| What is required |
Please write out the whole listing that follows exactly; the pictures stay out.

| Collected material |
---------------

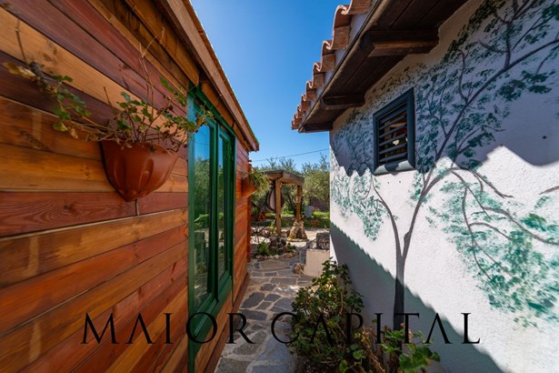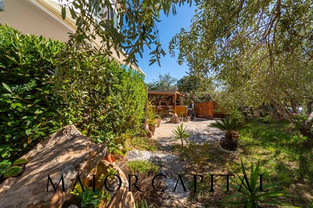 The entrance to the property, enhanced by a handcrafted wooden gate, leads to a large private garden of approximately 150 sqm, which surrounds the house on three sides. This well-kept and completely fenced green space offers maximum privacy and endless possibilities for those who love the outdoors.
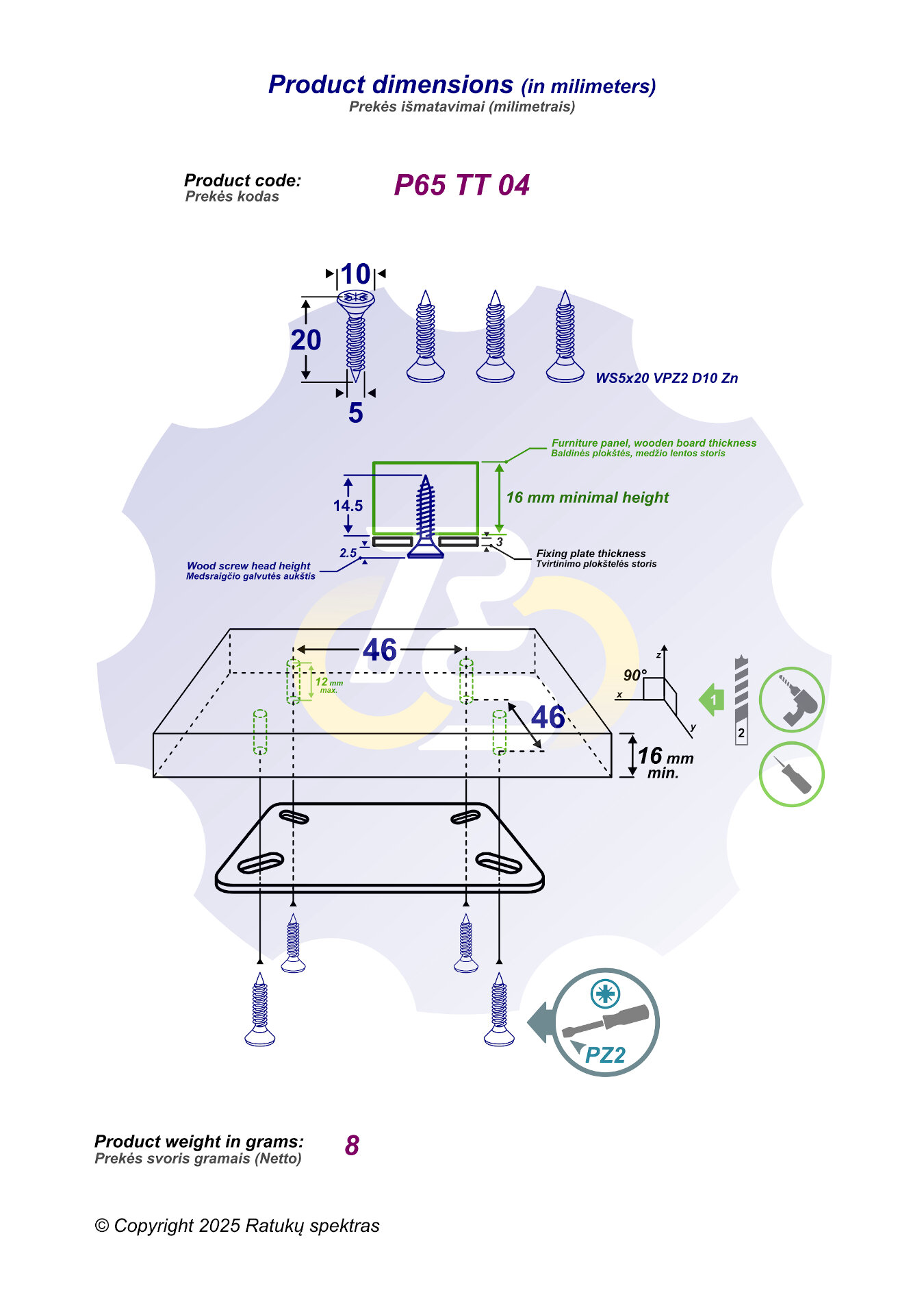 4 vienetai – WS 5 x 20 mm Zn Medsraigtis, įleidžiama galva. Įrankis: atsuktuvas PZ2 galvute.
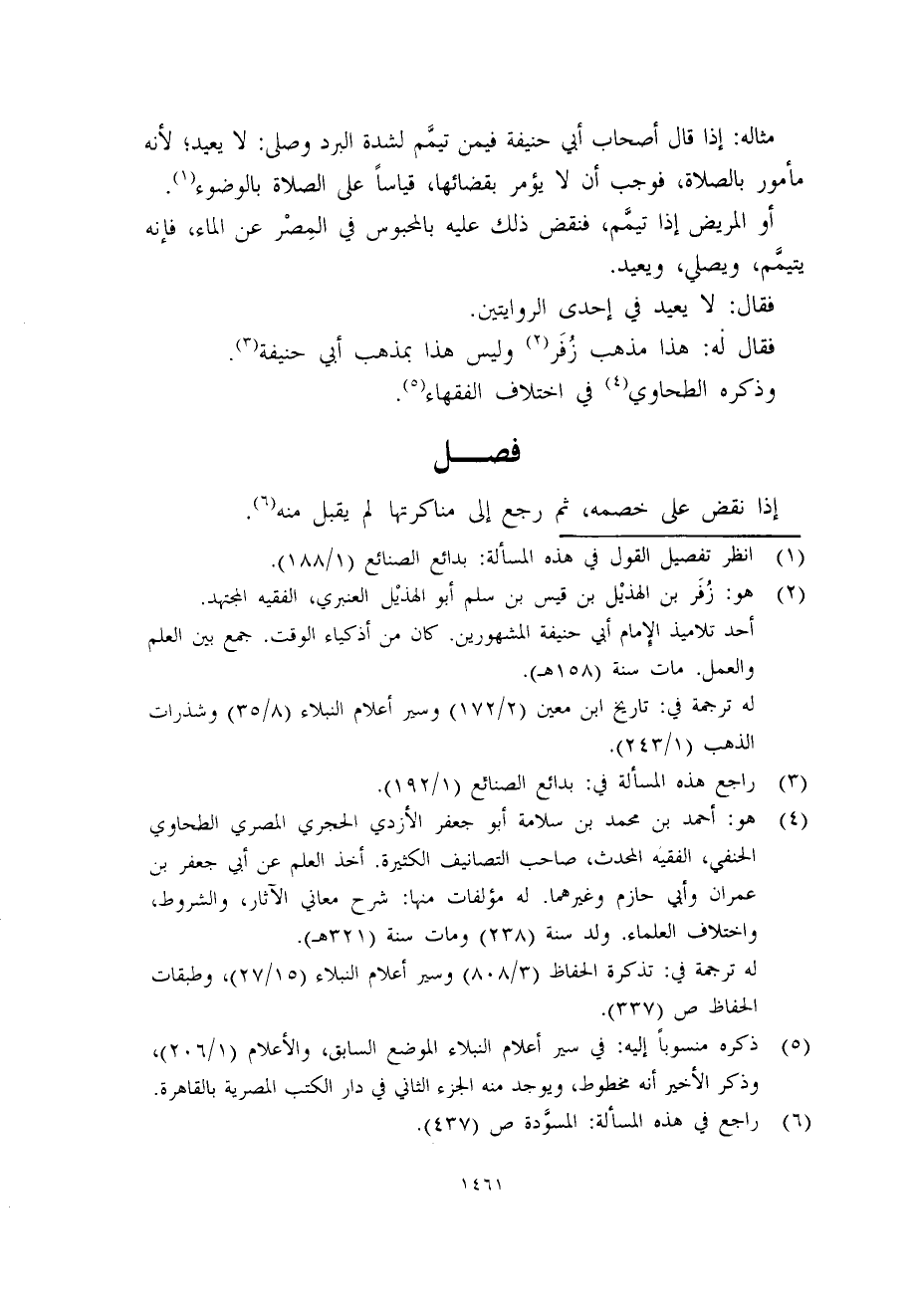 (4) هو: أحمد بن محمد بن سلامة أبو جعفر الأزدي الحجري المصري الطحاوي الحنفي، الفقيه المحدث، صاحب التصانيف الكثيرة. أخذ العلم عن أبي جعفر بن عمران وأبي حازم وغيرهما. له مؤلفات منها: شرح معاني الآثار، والشروط، واختلاف العلماء. ولد سنة (238) ومات سنة (321 هـ) .

---------------

| Solution for this problem |
 The entrance to the property, enhanced by a handcrafted wooden gate, leads to a large private garden of approximately 150 sqm, which surrounds the house on three sides. This well-kept and completely fenced green space offers maximum privacy and endless possibilities for those who love the outdoors.
 4 vienetai – WS 5 x 20 mm Zn Medsraigtis, įleidžiama galva. Įrankis: atsuktuvas PZ2 galvute.
 (4) هو: أحمد بن محمد بن سلامة أبو جعفر الأزدي الحجري المصري الطحاوي الحنفي، الفقيه المحدث، صاحب التصانيف الكثيرة. أخذ العلم عن أبي جعفر بن عمران وأبي حازم وغيرهما. له مؤلفات منها: شرح معاني الآثار، والشروط، واختلاف العلماء. ولد سنة (238) ومات سنة (321 هـ) .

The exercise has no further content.